(Collected data entries)
┄┄┄┄┄┄┄┄┄┄┄┄┄┄┄┄┄┄┄┄

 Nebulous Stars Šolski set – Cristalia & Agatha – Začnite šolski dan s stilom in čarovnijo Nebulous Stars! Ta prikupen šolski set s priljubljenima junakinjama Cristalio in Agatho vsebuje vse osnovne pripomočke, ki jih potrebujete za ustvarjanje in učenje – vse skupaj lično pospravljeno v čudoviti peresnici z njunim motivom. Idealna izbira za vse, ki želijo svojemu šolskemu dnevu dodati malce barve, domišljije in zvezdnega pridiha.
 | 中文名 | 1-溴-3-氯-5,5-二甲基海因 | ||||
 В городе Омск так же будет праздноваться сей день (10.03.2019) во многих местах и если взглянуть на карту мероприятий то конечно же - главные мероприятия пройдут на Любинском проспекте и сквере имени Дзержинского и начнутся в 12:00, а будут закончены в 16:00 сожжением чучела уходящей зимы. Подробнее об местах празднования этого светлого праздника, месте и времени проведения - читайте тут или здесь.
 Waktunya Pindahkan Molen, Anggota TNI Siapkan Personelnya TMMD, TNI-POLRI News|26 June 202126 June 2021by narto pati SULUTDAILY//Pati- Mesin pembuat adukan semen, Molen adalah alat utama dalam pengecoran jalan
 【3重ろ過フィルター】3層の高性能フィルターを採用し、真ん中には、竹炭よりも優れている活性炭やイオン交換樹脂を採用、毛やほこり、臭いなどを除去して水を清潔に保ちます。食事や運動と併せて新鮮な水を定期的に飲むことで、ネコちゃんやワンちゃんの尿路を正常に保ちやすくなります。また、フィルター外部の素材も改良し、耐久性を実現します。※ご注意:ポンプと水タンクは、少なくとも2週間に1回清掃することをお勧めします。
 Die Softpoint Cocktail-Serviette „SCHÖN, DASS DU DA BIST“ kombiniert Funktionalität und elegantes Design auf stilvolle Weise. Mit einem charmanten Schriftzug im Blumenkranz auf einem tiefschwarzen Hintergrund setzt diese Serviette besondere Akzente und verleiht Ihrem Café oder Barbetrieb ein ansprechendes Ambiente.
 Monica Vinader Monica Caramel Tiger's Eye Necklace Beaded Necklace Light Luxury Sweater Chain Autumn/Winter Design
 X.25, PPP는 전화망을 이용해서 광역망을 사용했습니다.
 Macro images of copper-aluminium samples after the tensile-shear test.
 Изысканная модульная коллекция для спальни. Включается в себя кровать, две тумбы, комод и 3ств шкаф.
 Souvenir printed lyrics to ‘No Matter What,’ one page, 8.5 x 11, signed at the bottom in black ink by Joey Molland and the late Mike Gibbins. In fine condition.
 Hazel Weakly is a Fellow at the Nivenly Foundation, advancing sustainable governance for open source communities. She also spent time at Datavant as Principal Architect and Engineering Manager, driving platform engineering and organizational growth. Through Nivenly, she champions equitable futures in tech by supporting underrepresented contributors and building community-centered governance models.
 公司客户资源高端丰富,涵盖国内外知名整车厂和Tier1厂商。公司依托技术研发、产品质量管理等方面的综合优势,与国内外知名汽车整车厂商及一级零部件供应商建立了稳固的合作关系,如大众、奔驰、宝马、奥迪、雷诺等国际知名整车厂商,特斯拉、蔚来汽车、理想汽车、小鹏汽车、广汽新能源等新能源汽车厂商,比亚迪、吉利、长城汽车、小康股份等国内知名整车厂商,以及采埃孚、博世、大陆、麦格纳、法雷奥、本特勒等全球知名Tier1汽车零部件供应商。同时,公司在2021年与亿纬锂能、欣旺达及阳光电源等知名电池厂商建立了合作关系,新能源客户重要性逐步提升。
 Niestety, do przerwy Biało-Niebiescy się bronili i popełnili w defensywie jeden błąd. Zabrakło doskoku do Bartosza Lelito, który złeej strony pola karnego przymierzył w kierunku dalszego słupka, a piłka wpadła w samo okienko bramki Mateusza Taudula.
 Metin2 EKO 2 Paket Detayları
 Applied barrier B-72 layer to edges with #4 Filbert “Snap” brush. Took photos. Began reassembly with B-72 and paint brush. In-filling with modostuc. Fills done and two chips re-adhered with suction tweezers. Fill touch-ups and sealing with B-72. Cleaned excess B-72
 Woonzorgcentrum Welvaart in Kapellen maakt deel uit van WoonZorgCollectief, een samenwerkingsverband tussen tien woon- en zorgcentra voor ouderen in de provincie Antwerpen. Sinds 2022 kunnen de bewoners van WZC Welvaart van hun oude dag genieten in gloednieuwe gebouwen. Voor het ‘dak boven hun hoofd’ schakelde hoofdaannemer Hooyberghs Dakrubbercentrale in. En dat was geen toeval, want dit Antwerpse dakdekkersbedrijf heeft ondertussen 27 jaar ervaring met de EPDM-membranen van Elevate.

┄┄┄┄┄┄┄┄┄┄┄┄┄┄┄┄┄┄┄┄

Respond with a single number, namely how many lines of the entries contain the word "Design".

2